#### GOAL OF THE EXERCISE:
Word for word, restate the records from their first line through the line with "商品名:Waitley マキタ18V バッテリー互換", both ends included; omit each picture.

#### SUPPLIED MATERIAL:
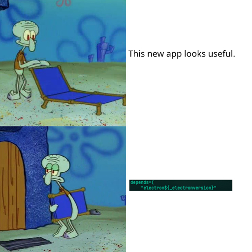 ColdWater@lemmy.ca to linuxmemes@lemmy.world · 1 year agoimagine spending hours of coding, planing just to make it a chromium extension app in disguisedlemmy.caimagemessage-square0linkfedilinkarrow-up10arrow-down10
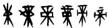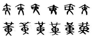 “黄“字也是有点奥妙的;甲骨文中有两个写法,一个上面是个箭头,一个是草头。从它同“帝”的类似可看到它也是表述一个用草捆绑做成的像。上有箭头是因为这种像用来做射箭的靶子,因为靶子涂成黄色,这个字后来被假借来描述颜色,再后来其他的意义被遗忘了。
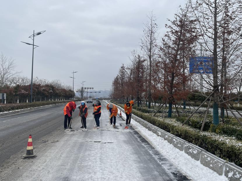 全市普降暴雪,導(dǎo)致區(qū)域內(nèi)積雪結(jié)冰,給道路交通、市民生活帶來了不便,也造成一定的安全隱患。裕升、裕祥養(yǎng)護分公司為令,快速集結(jié)“老中青”組合突擊隊,開展清冰除雪活動,及時清掃出一條安全路。
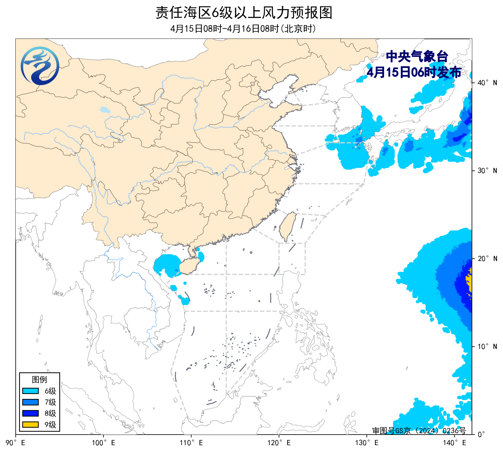 15日08时至16日08时,东海东北部海域将有5~6级、阵风7级的东北风,北部湾将有5~6级、阵风7级的东南风。
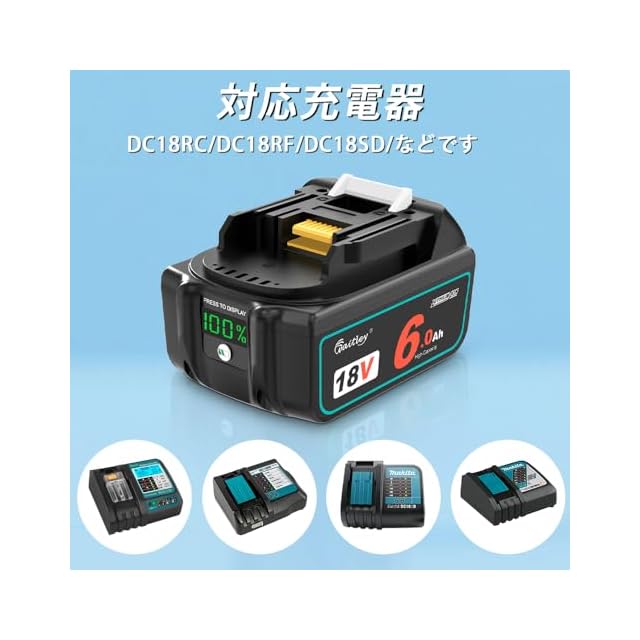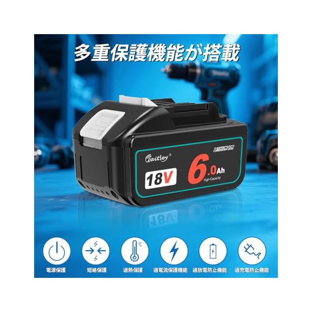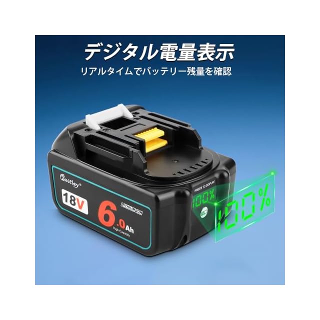 商品名:Waitley マキタ18V バッテリー互換 6.0Ah 2個セット 確実にカットオフ機能、過電流保護、過放電防止機能など多重回路保護機能が搭載 デジタル%残量指示付 大容量電池 6000mAh BL1860B 最新セル採用 高耐久性 電動工具用 バッテリー マキタ18V電動工具に対応 BL1840 BL1850 BL1850B BL1860対応 PSE、CEマーク取得済み
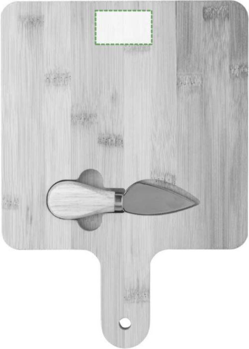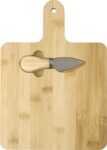 Ostbricka i bambu med tillbehör som passar i utskurna fack. Individuellt packad i ask av kraftpapper.

#### TASK ANSWER:
 ColdWater@lemmy.ca to linuxmemes@lemmy.world · 1 year agoimagine spending hours of coding, planing just to make it a chromium extension app in disguisedlemmy.caimagemessage-square0linkfedilinkarrow-up10arrow-down10
 “黄“字也是有点奥妙的;甲骨文中有两个写法,一个上面是个箭头,一个是草头。从它同“帝”的类似可看到它也是表述一个用草捆绑做成的像。上有箭头是因为这种像用来做射箭的靶子,因为靶子涂成黄色,这个字后来被假借来描述颜色,再后来其他的意义被遗忘了。
 全市普降暴雪,導(dǎo)致區(qū)域內(nèi)積雪結(jié)冰,給道路交通、市民生活帶來了不便,也造成一定的安全隱患。裕升、裕祥養(yǎng)護分公司為令,快速集結(jié)“老中青”組合突擊隊,開展清冰除雪活動,及時清掃出一條安全路。
 15日08时至16日08时,东海东北部海域将有5~6级、阵风7级的东北风,北部湾将有5~6级、阵风7级的东南风。
 商品名:Waitley マキタ18V バッテリー互換 6.0Ah 2個セット 確実にカットオフ機能、過電流保護、過放電防止機能など多重回路保護機能が搭載 デジタル%残量指示付 大容量電池 6000mAh BL1860B 最新セル採用 高耐久性 電動工具用 バッテリー マキタ18V電動工具に対応 BL1840 BL1850 BL1850B BL1860対応 PSE、CEマーク取得済み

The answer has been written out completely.